Segment Start: RECORDS TO PROCESS
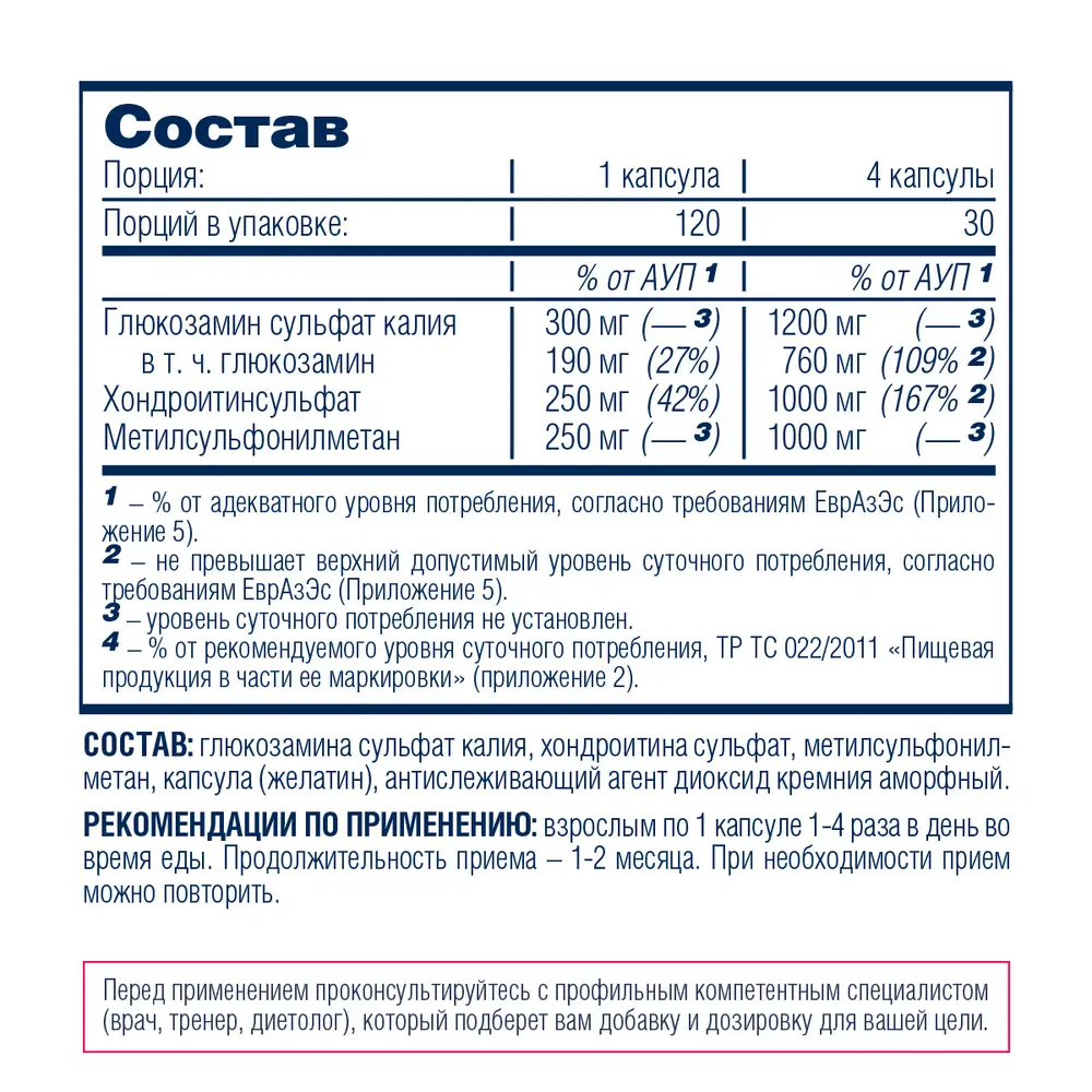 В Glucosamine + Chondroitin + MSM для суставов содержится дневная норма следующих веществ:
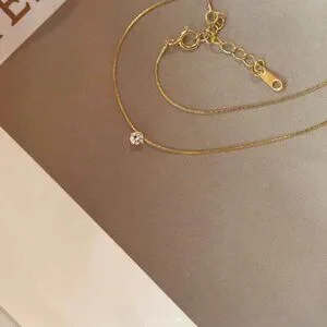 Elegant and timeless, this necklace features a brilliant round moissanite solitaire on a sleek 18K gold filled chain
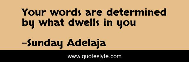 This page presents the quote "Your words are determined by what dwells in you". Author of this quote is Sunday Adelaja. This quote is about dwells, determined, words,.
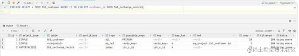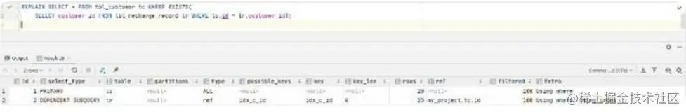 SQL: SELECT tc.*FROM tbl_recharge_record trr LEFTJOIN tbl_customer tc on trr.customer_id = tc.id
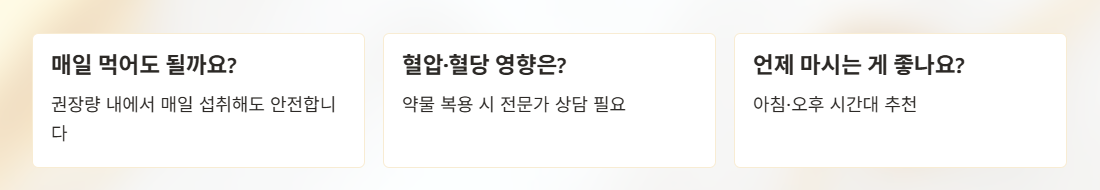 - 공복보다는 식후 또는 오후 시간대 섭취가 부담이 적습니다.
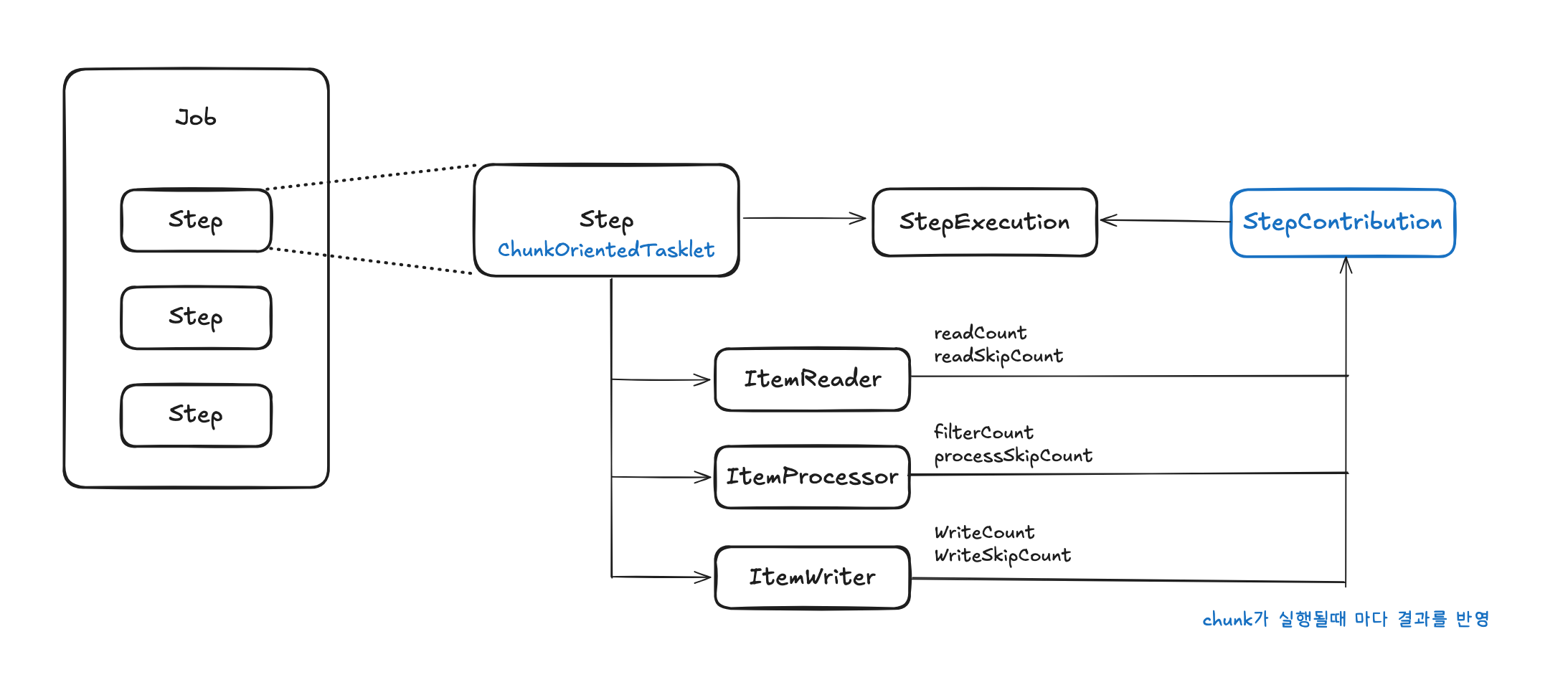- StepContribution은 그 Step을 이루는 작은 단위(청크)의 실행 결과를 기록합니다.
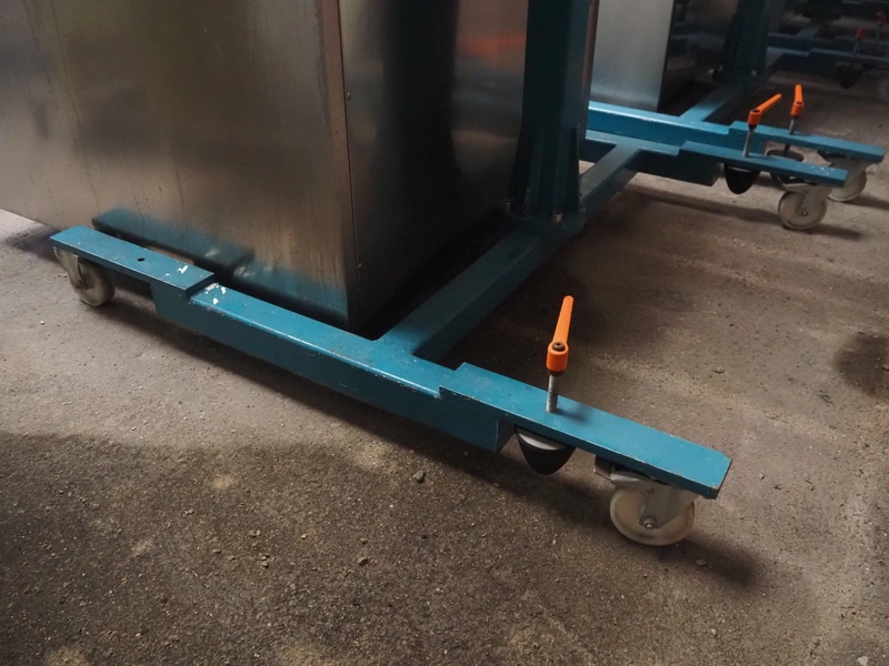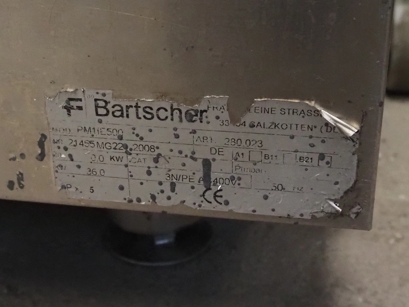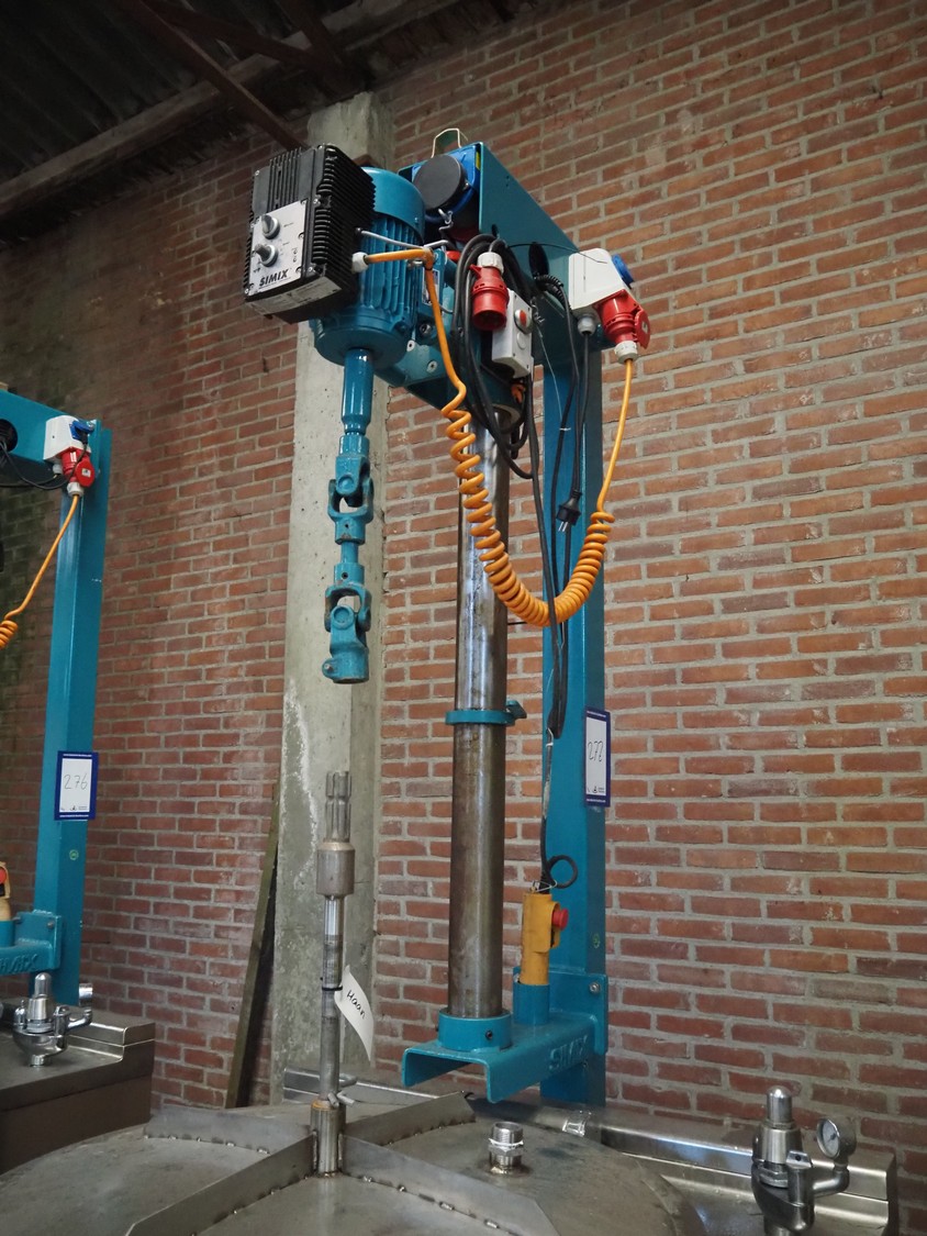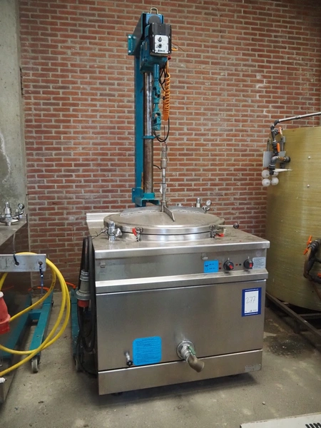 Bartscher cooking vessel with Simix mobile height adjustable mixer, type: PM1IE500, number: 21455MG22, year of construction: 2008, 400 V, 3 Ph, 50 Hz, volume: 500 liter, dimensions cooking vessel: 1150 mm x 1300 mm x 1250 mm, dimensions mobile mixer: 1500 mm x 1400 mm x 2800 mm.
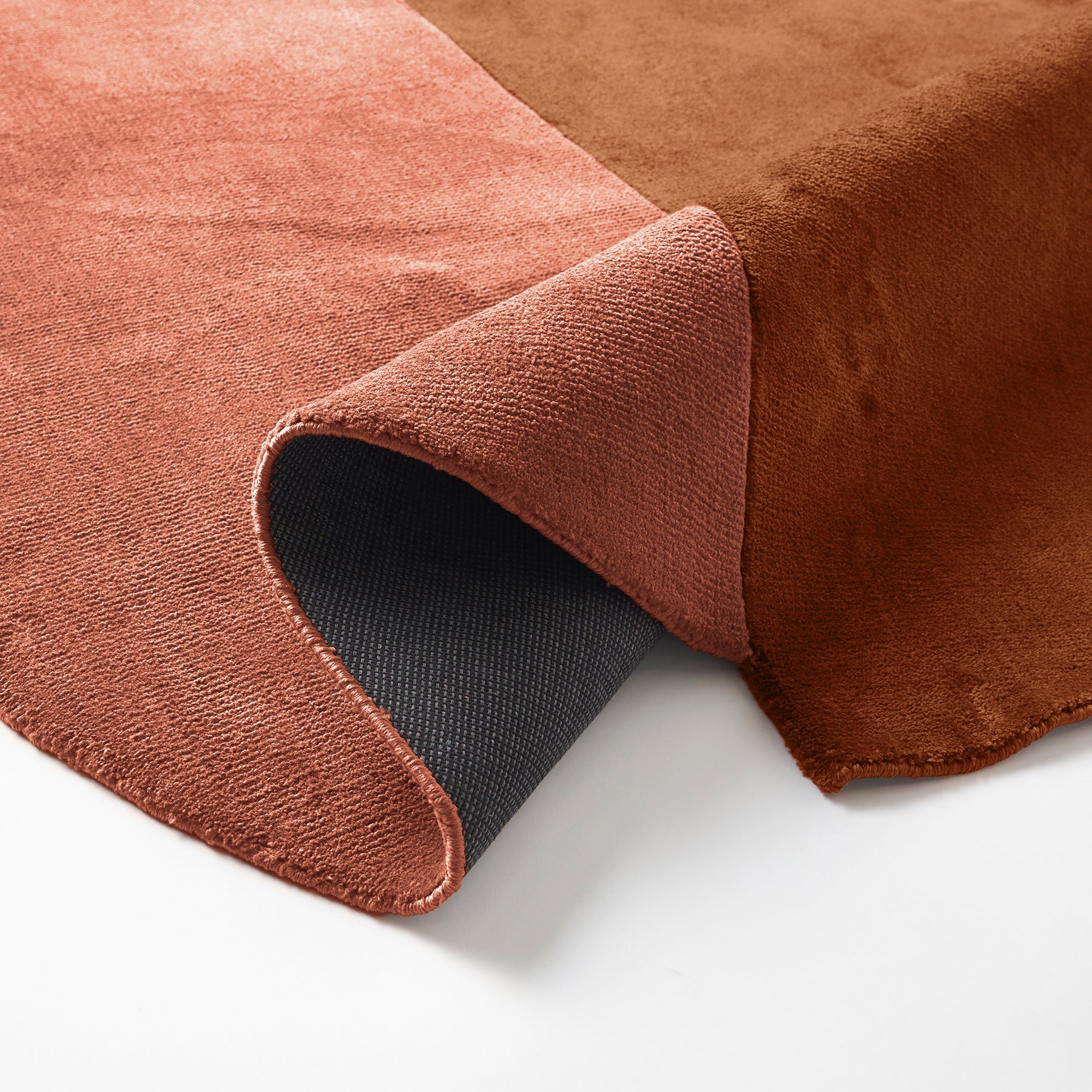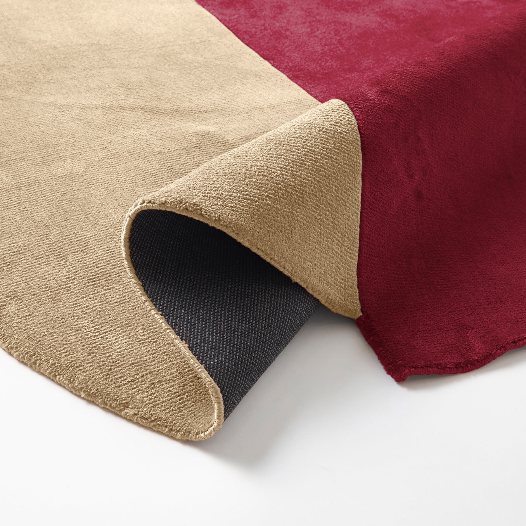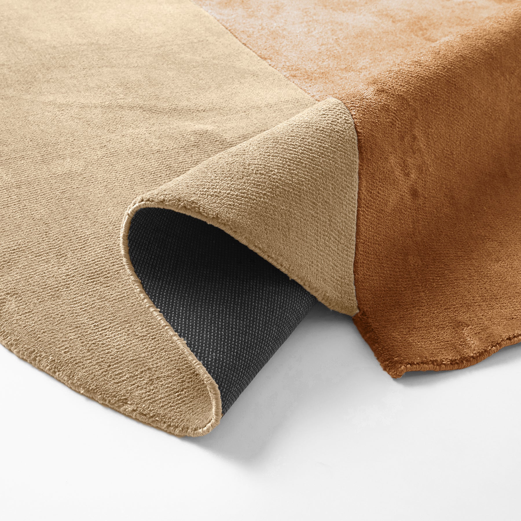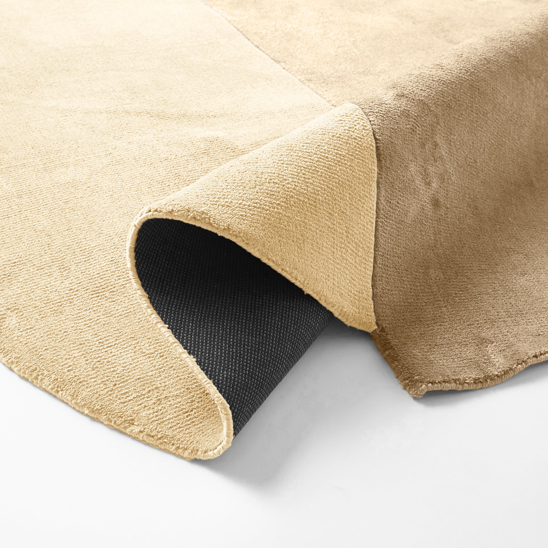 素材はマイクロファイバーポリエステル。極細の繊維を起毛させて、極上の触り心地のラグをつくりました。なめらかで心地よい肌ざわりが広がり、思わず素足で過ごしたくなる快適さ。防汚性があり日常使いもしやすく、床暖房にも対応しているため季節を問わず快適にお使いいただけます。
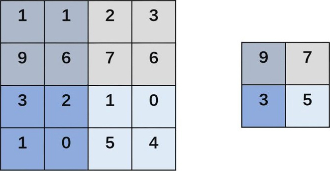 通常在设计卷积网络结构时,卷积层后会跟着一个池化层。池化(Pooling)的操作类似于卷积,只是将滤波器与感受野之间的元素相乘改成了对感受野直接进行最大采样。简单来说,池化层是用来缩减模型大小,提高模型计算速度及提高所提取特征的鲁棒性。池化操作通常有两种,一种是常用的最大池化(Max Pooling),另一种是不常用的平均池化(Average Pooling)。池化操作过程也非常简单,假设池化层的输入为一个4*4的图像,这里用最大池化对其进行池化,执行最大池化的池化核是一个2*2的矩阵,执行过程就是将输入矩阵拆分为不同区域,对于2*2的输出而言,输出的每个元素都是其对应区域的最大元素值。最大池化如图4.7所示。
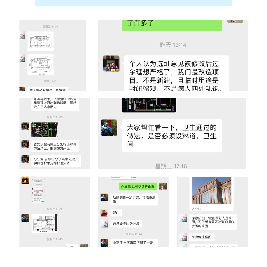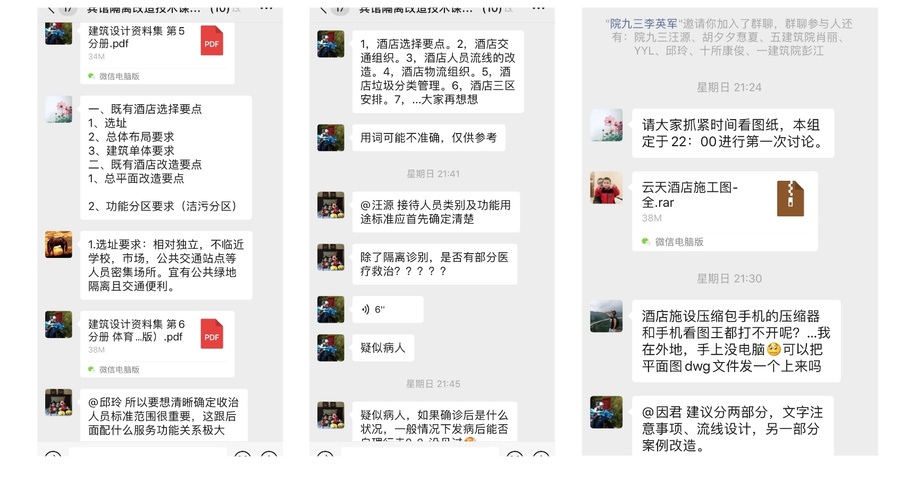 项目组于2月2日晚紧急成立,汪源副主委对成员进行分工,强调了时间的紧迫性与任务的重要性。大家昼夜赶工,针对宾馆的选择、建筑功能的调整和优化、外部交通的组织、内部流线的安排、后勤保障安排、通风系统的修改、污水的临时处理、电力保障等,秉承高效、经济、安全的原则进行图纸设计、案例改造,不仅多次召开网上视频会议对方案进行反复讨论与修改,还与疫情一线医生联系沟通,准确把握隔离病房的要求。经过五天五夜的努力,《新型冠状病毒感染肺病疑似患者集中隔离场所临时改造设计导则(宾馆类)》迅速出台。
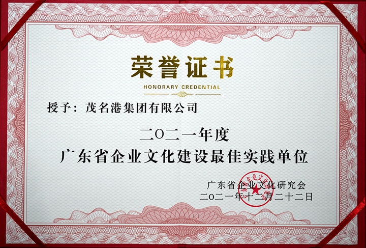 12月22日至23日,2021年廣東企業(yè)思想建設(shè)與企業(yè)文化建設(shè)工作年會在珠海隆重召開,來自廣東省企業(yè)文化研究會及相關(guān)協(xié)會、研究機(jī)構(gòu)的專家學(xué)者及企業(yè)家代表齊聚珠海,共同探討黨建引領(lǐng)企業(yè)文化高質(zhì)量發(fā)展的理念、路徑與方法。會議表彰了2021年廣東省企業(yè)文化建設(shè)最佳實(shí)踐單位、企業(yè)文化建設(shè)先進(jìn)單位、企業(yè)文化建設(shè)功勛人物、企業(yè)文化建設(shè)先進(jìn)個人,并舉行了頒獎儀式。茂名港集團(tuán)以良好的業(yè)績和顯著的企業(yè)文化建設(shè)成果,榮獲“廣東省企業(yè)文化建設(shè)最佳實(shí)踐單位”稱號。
Segment End: RECORDS TO PROCESS
### EXERCISE OBJECTIVE
Skipping the pictures, output the entries exactly as they appear above.

### WRITTEN ANSWER
 В Glucosamine + Chondroitin + MSM для суставов содержится дневная норма следующих веществ:
 Elegant and timeless, this necklace features a brilliant round moissanite solitaire on a sleek 18K gold filled chain
 This page presents the quote "Your words are determined by what dwells in you". Author of this quote is Sunday Adelaja. This quote is about dwells, determined, words,.
 SQL: SELECT tc.*FROM tbl_recharge_record trr LEFTJOIN tbl_customer tc on trr.customer_id = tc.id
 - 공복보다는 식후 또는 오후 시간대 섭취가 부담이 적습니다.
- StepContribution은 그 Step을 이루는 작은 단위(청크)의 실행 결과를 기록합니다.
 Bartscher cooking vessel with Simix mobile height adjustable mixer, type: PM1IE500, number: 21455MG22, year of construction: 2008, 400 V, 3 Ph, 50 Hz, volume: 500 liter, dimensions cooking vessel: 1150 mm x 1300 mm x 1250 mm, dimensions mobile mixer: 1500 mm x 1400 mm x 2800 mm.
 素材はマイクロファイバーポリエステル。極細の繊維を起毛させて、極上の触り心地のラグをつくりました。なめらかで心地よい肌ざわりが広がり、思わず素足で過ごしたくなる快適さ。防汚性があり日常使いもしやすく、床暖房にも対応しているため季節を問わず快適にお使いいただけます。
 通常在设计卷积网络结构时,卷积层后会跟着一个池化层。池化(Pooling)的操作类似于卷积,只是将滤波器与感受野之间的元素相乘改成了对感受野直接进行最大采样。简单来说,池化层是用来缩减模型大小,提高模型计算速度及提高所提取特征的鲁棒性。池化操作通常有两种,一种是常用的最大池化(Max Pooling),另一种是不常用的平均池化(Average Pooling)。池化操作过程也非常简单,假设池化层的输入为一个4*4的图像,这里用最大池化对其进行池化,执行最大池化的池化核是一个2*2的矩阵,执行过程就是将输入矩阵拆分为不同区域,对于2*2的输出而言,输出的每个元素都是其对应区域的最大元素值。最大池化如图4.7所示。
 项目组于2月2日晚紧急成立,汪源副主委对成员进行分工,强调了时间的紧迫性与任务的重要性。大家昼夜赶工,针对宾馆的选择、建筑功能的调整和优化、外部交通的组织、内部流线的安排、后勤保障安排、通风系统的修改、污水的临时处理、电力保障等,秉承高效、经济、安全的原则进行图纸设计、案例改造,不仅多次召开网上视频会议对方案进行反复讨论与修改,还与疫情一线医生联系沟通,准确把握隔离病房的要求。经过五天五夜的努力,《新型冠状病毒感染肺病疑似患者集中隔离场所临时改造设计导则(宾馆类)》迅速出台。
 12月22日至23日,2021年廣東企業(yè)思想建設(shè)與企業(yè)文化建設(shè)工作年會在珠海隆重召開,來自廣東省企業(yè)文化研究會及相關(guān)協(xié)會、研究機(jī)構(gòu)的專家學(xué)者及企業(yè)家代表齊聚珠海,共同探討黨建引領(lǐng)企業(yè)文化高質(zhì)量發(fā)展的理念、路徑與方法。會議表彰了2021年廣東省企業(yè)文化建設(shè)最佳實(shí)踐單位、企業(yè)文化建設(shè)先進(jìn)單位、企業(yè)文化建設(shè)功勛人物、企業(yè)文化建設(shè)先進(jìn)個人,并舉行了頒獎儀式。茂名港集團(tuán)以良好的業(yè)績和顯著的企業(yè)文化建設(shè)成果,榮獲“廣東省企業(yè)文化建設(shè)最佳實(shí)踐單位”稱號。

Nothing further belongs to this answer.